Scope and Regulatory Guardrails
The MoHFW has clarified that the proposed change is limited strictly to the residual shelf-life condition at the time of import. It does not alter any other regulatory provisions governing the quality, safety, or efficacy of medicines under the Drugs and Cosmetics Act, 1940, and the Drugs Rules, 1945. All existing quality and safety standards remain fully in force.
What Happens Next
Stakeholders — including pharmaceutical importers, industry associations, healthcare providers, and patient groups — have been invited to submit comments and suggestions on the draft notification. If finalised, the amendment would mark a meaningful shift in how India regulates imported medicine shelf life, aligning the country's norms more closely with ease-of-doing-business goals in the pharmaceutical sector.
Point of View
But the real question is whether 12 months is the right floor. For slow-moving specialty imports — particularly rare-disease drugs with limited distribution networks — a 12-month window may still leave room for wastage. The carve-out for biologicals and radiopharmaceuticals is prudent, but the ministry has not explained why the same logic does not apply to other time-sensitive categories. Stakeholder consultation will be the test: if industry uses it to lobby for a lower floor rather than to flag patient-safety concerns, the reform could quietly undermine the very access goals it claims to advance.
NationPress
26 Jun 2026
Frequently Asked Questions
What is the proposed change to India's imported drug shelf-life rule?
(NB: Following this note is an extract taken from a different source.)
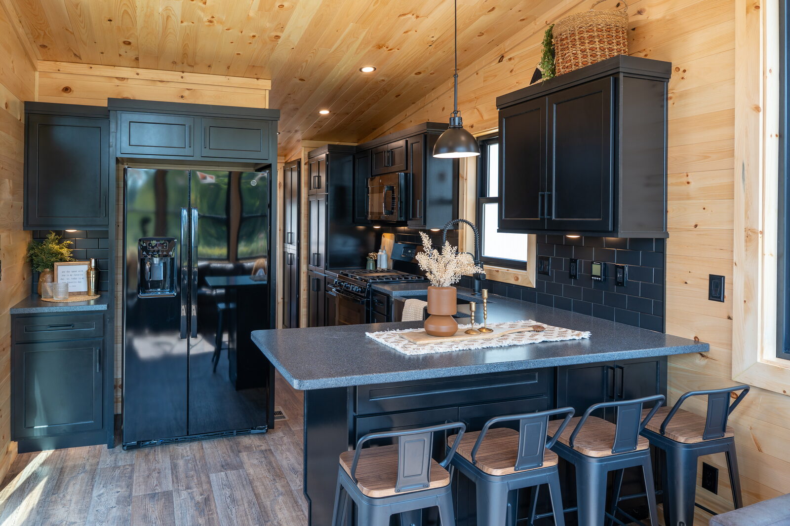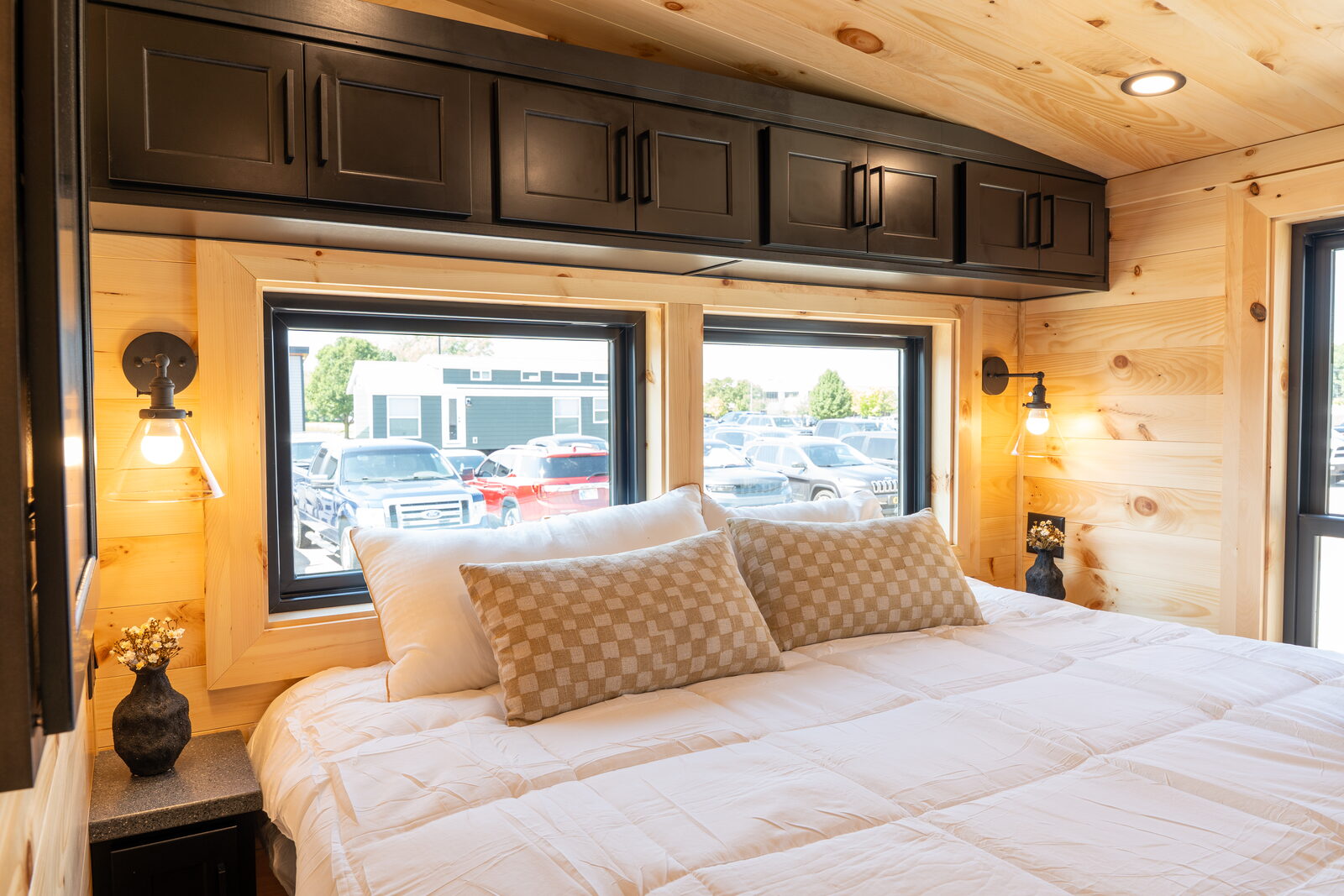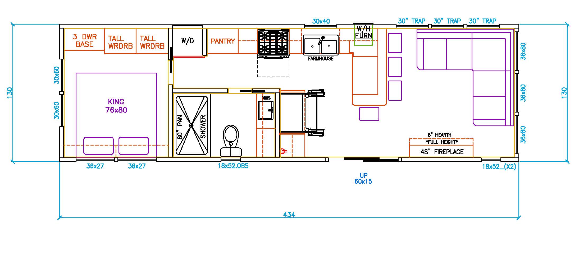 Elevation floorplans have been engineered to utilize the maximum 400 square feet in the most efficient way possible. Each Park Model can be built as a single, double, or non-loft, also giving the option of a straight or drop frame. Customers have the ability to choose between five front-end window designs, multiple bathroom layouts, and different wardrobe options, which are interchangeable in each floorplan. Many plans can accommodate amenities such as washer & dryer, dishwasher, larger refrigerator, or sectional sofa. Depending on the location of the unit, customers can select to have the floorplan flipped end-to-end or rolled side-to-side to best suit their needs.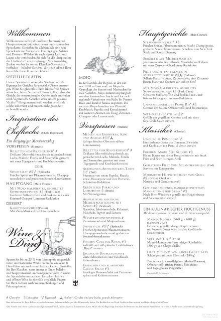 Speisekarte Royal Caribbean International from img.yumpu.com Liebe gäste, wir haben von montag bis sonntag von 11.00 bis 20.00 uhr durchgehend warme küche. Ny strip am knochen gereift. Inspiriert von zutaten aus aller welt werden alle gerichte stets frisch zubereitet. Lassen sie sich verwöhnen und genießen sie unsere köstlichkeiten. Alles ist frisch und aus natürlichem anbau. Blättern sie online durch unsere speisekarte und holen sie sich appetit für einen abend voll kulinarischer köstlichkeiten. Hochzeitssaal, restaurant, bar und tanzlokal am friedberger. Sortiert nach vorspeisen, suppen, hauptgänge, dessert, nachmittagskarte, uvm.

The Ministry of Health and Family Welfare has proposed replacing the existing requirement — that imported drugs must have more than 60 per cent of their total shelf life remaining at the time of import — with a fixed minimum of 12 months. The draft amendment to Rule 31 of the Drugs Rules, 1945 is currently open for stakeholder comments.
Why is the government proposing this amendment?
The ministry says the percentage-based norm has led to avoidable medicine wastage, higher inventory costs, and supply chain inefficiencies. A fixed 12-month floor is intended to standardise requirements, reduce wastage, and improve the availability of essential imported medicines across India.
Which drugs are exempt from the new 12-month rule?
Biological products and radiopharmaceuticals are exempt. The government has proposed retaining the existing 60 per cent residual shelf-life requirement for these categories, given their specialised nature and public health significance.
Will the amendment affect medicine quality or safety standards?
No. The MoHFW has clarified that the proposed change applies only to the residual shelf-life condition at the time of import. All quality, safety, and efficacy standards under the Drugs and Cosmetics Act, 1940, and the Drugs Rules, 1945, remain fully in force.
How can stakeholders respond to the draft notification?
The Ministry of Health and Family Welfare has invited comments and suggestions from all stakeholders — including pharmaceutical importers, industry bodies, and healthcare providers — on the draft notification proposing the amendment to Rule 31 of the Drugs Rules, 1945.